How to use Amazon's S3 web service for Scaling Image Hosting

THIS POST WAS WRITTEN BY SCOTT WINDSOR, ON THE TEACHSTREET BLOG -- BUT THAT WAS SHUT DOWN, SO I MOVED IT HERE, AS IT WAS POPULAR.

Most startups have been there - you have a simple site, and you want to have users upload photos of themselves or something else to share.  We were there as well just a few years ago, when building out the very first versions of TeachStreet.  While previously working at Amazon, I worked on a few image hosting solutions and already knew some of the pitfalls and challenges of building out a system to scale.

Here were some of our high level requirements:
  • Keep redundant copies of images in case of failure
  • Allow dynamic resizing and cropping of images (so we don't have to pre-generate them)
  • Must be fast (but cheap)
  • Must scale independently of our core web application
Having worked with keeping source images in sync between multiple hosts before, we knew that it could be a challenge, and in terms of host failure, a huge pain.  Right around that time, S3 gained traction, and solved our redundant copies issues.  We could push our images to Amazon, and never have to worry about backing them up, or keeping extra copies in case of hardware failure (this became Amazon's problem). Our Solution We chose to write a separate rails app to serve these images and handle the resizing, cropping, or any other effects we needed.  Rmagick (which uses ImageMagik) is able to provide these changes for us, and serve the image back to the user.  The process is as follows:
  1. Handle request
  2. Fetch original source image from S3
  3. Resize/apply effects
  4. Return result back to user
Now we need to go back and optimize for the "fast" requirement.  Doing a request to S3 for each request (and resize) takes some time.  For performance, each of our image servers cache the source, and any resize, locally to disk.  Since images are never updated (only created), and get a unique ID for each one, we don't have to worry about cache invalidation, only expiration.  We can then write a simple script to remove images from this disk cache with files of an access time greater than a certain threshold (say 30 days).  That way, if we change from one size thumbnail to another, eventually the old thumbnail sizes will get purged.
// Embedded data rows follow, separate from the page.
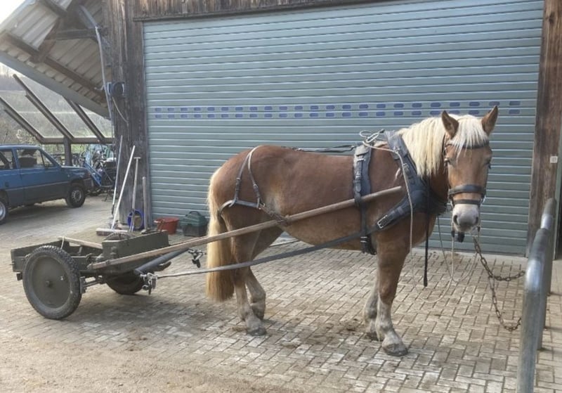 I am selling my 3.5-year-old Noriker mare Fiona for personal reasons. She was born in May 2022. She is in excellent health with an current height of 153 cm. She is friendly and easy to handle. She is familiar with tractors, dogs, and children. She is farrier- and loading-safe. Sire: Giovanni Diamant XVI Dam: Fabella Training level: - Age-appropriate education - Ridden for leisure - Driven from the ground - Normal barefoot, shod due to training - Dewormed - Eczema-free - PSSM-free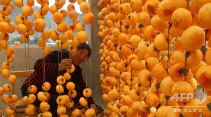 【11月11日 CNS】中国伝統の季節の区分・二十四節気の一つ「霜降(そうこう)」が過ぎ、中国・甘粛省(Gansu)隴南市(Longnan)賈昌村(Jiachang)の農民たちが柿を干す作業を始めた。子どももお手伝いに励み、どの家屋も黄金色の干し柿でいっぱいとなっている。
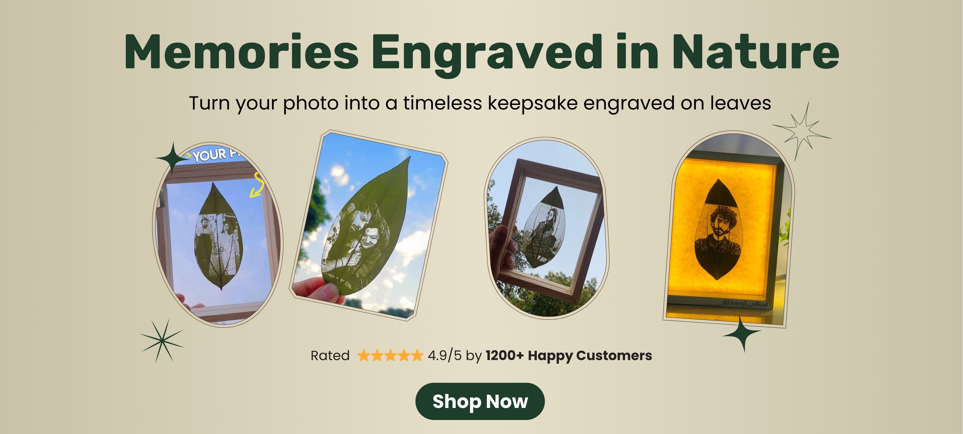 Your Picture on Leaf brings your memories to life in a natural and artistic way. Each piece is made with real preserved leaves and framed to keep your photo safe for years.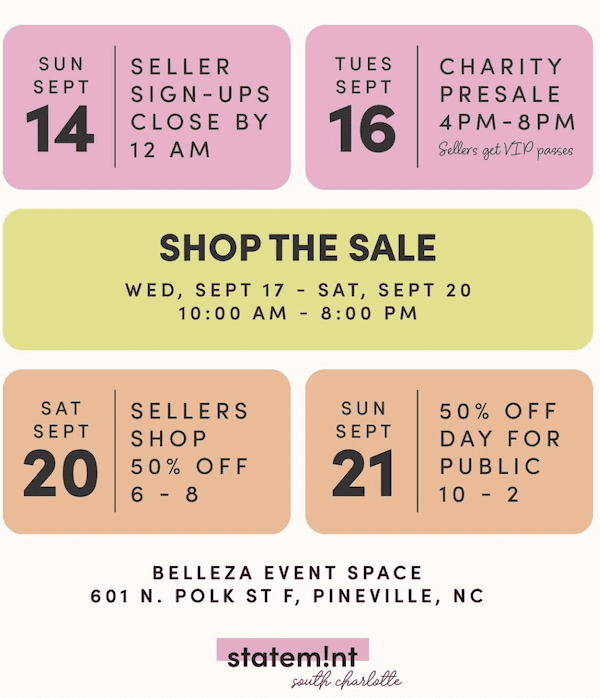 There’s a new Fall Pop-Up Consignment Event by Statemint South Charlotte with 50-80% off retail prices including men’s and women’s clothing, shoes, handbags, jewelry, and more in Pineville.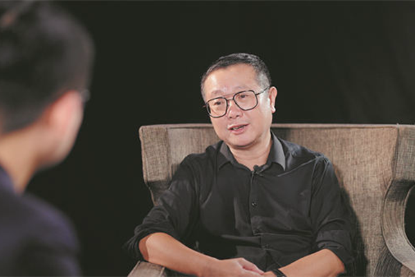 Liu Cixin answers questions at a group interview. [Photo provided to China Daily]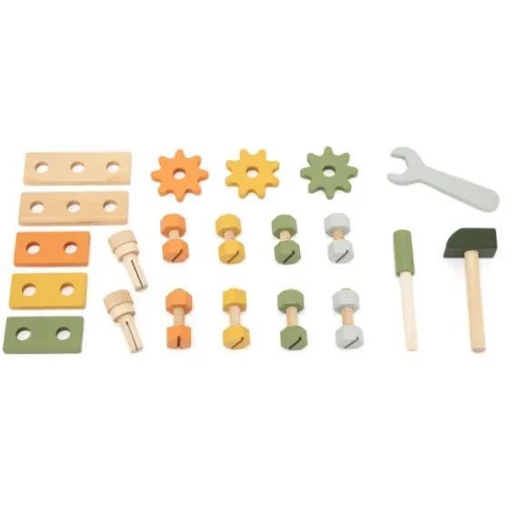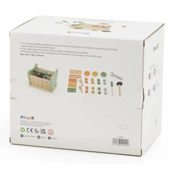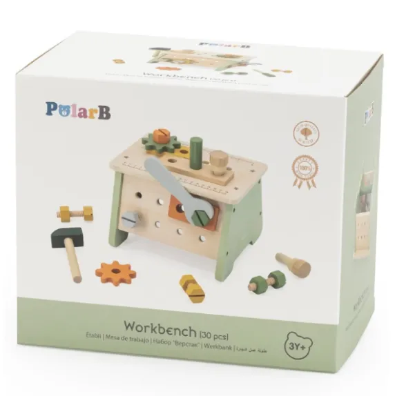 Oferiți-i copilului dvs. un banc de lucru din lemn cu unelte PolarB pentru a se simți ca un adevărat meșteșugar! Setul este realizat integral din lemn și include toate accesoriile necesare pentru o joacă captivantă. Copilul poate să bată cuie cu ciocanul, să strângă șuruburi cu cheia și să fixeze plăci și rotițe din lemn pe bancul de lucru.

Performance Optimizations Implementation-wise, we also can use a few more tricks up our sleeves to eek out performance.  First, when fronting our rails app with nginx, we can use x-sendfile to return the file location to nginx.  This allows the rails app to prevent from having to stream the file data back, and on subsequent requests, results in just a file lookup on disk (it doesn't have to read the contents of the file).  Also, we can ensure that all files are converted to jpgs, then optimized and stripped of any extra header info.  This will minimize the file size as much as possible before sending them back, which will improve the overal latency and throughput for later requests. Lastly, from the client-side, we can trick browsers a bit further.  By creating extra DNS entries for the same servers, we can make the browser think that these are different servers.  Many modern browsers allow for a maximum of four simultaneous requests per host.  Our web app is then responsible for distributing the requests - by hashing & modding the url, we can evenly distribute the images across four hostnames.  This allows browsers with the capability to parallelize requests, at a slight cost of extra dns lookups.  By leveraging Amazon's S3 web service technology, we've been able to reduce our overhead in having to build/manage a redundant file store.

Further steps/more optimization? Still, there are more steps we could take to optimize this further, if needed.  First, if we know commonly requested image sizes & effects, we could prime the cache on image upload.  This would avoid the extra lookup to S3 except in a failure case.  If our caches begin to get very large (as we scale), we could use the dns to map to different servers, even increasing the number of dns entries for servers (modding out to a larger set), or routing to different servers based on url (for different image sizes/etc). Right now, most of our users are in the US.  If we had an international site, we might consider using different S3 backends for storage (in Singapore, Hong Kong, Japan, or Europe), as well as using a CDN to front images.  Generally speaking, CDNs are quite expensive for scrappy little startups like us.  We could even consider using Amazon Cloudfront as our CDN. Alternatives? Other alternatives we've seen to this problem have varied.  Paperclip is a great plugin that provides much of the same functionality, but doesn't provide the on-the-fly resizing, and is usually applied to a database model (our solution relies on external guids for each image).  Cassandra (or MongoDB with GridFS) could also be an alternative backend for S3 if the latency on non-cached requests needs further improvement.